O sr. Santos é um ouvinte assíduo do programa de rádio que costumo ajudar a fazer, às sextas de manhã, emitido na região do Grande Porto. Não conhecemos do sr. Santos mais do que a voz, a condição de reformado de uma actividade relacionada com as Finanças e o que as opiniões que partilha nas emissões em directo nos consentem intuir.

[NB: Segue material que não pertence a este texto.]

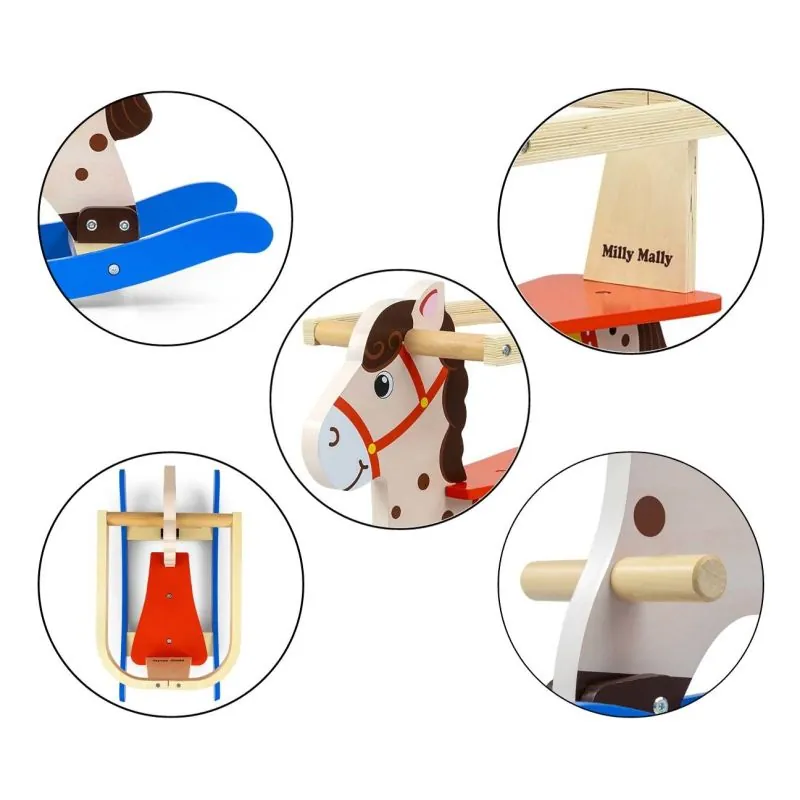 Izturīgs koks un krāsaini dekorēts;Kāju balsts;Pilnībā aizsargāts no visām pusēm pret izkrišanu;Augstums līdz sēdeklim: 30 cm.;Šūpuļzirdziņa augstums: 50 cm.;Šūpuļzirdziņa garums: 70 cm.;Šūpuļzirdziņa platums: 30,5 cm.;

Num dos últimos programas o tema principal era a crise financeira mundial, mas o sr. Santos fez um desvio para abordar a temática que a actualidade tinha trazido à tona: o casamento entre homossexuais. Já nos habituámos ao pensamento conservador, sustentado na corda bamba de valores que vão da direita à esquerda com a mesma facilidade que a marcha militar. Já lhe perdoamos a atitude assertiva que as ondas hertzianas convertem em intervenções críticas e provocatórias. Mesmo assim, não raras vezes, deixa-nos embasbacados com a graça cáustica com que embrulha os comentários:
- Eu, os homossexuais compreendo e aceito. Andei na tropa em África e por lá apareciam alguns rapazes que nos contavam que em crianças tinham sido abusados sexualmente. Esses eu entendo. O que não consigo compreender são os paneleiros...
Depois desta pérola de sabedoria o sr. Santos voltou ao rego. E sobre a crise recorreu a uma máxima que serviu de rodapé para mais uma condenação severa dos devaneios liberais que estão nos alicerces da derrocada do sistema financeiro:
- Meus amigos, só vos digo uma coisa... Quem rouba um tostão é ladrão; quem rouba um milhão é barão; quem não rouba nada é morcão!
Acrescentem vocês a pronúncia típica do Porto à voz grave e forte do sr. Santos, ao telefone, e terão um dos momentos mais hilariantes de um programa de rádio.
O ouvinte tem uma memória e uma experiência de vida que fazem lembrar aqueles baús à guarda de velhos sótãos. Ambas resistentes, fascinantes, sedutoras e recheadas de histórias que serve com deleite extasiado e irónico. Falava-se de Educação no país, mas o sr. Santos encontra sempre espaço para dar a volta à marcha da conversa. Logo na primeira curva da sua intervenção telefónica falou do caso BPN. O antigo administrador do banco, Oliveira e Costa, estava nesse mesmo instante, a prestar declarações no Tribunal de Instrução Criminal de Lisboa sobre as alegadas burlas, fraudes e branqueamentos de capital, que terá dado origem à derrocada da instituição bancária, quando o sr. Santos resolveu oferecer ao auditório mais um achado do tal baú.
- Conheci esse senhor ( José Oliveira e Costa) em tempos numa assembleia-geral. Nessa ocasião, para tentar sensibilizar a plateia, o homem utilizou a seguinte expressão: “Eu não me envergonho de dizer que cheguei a andar descalço.” De pronto, alguém na plateia completou em voz alta: “…na praia, sr. Doutor… Eu também não!”
O ouvinte é um falante com muita piada.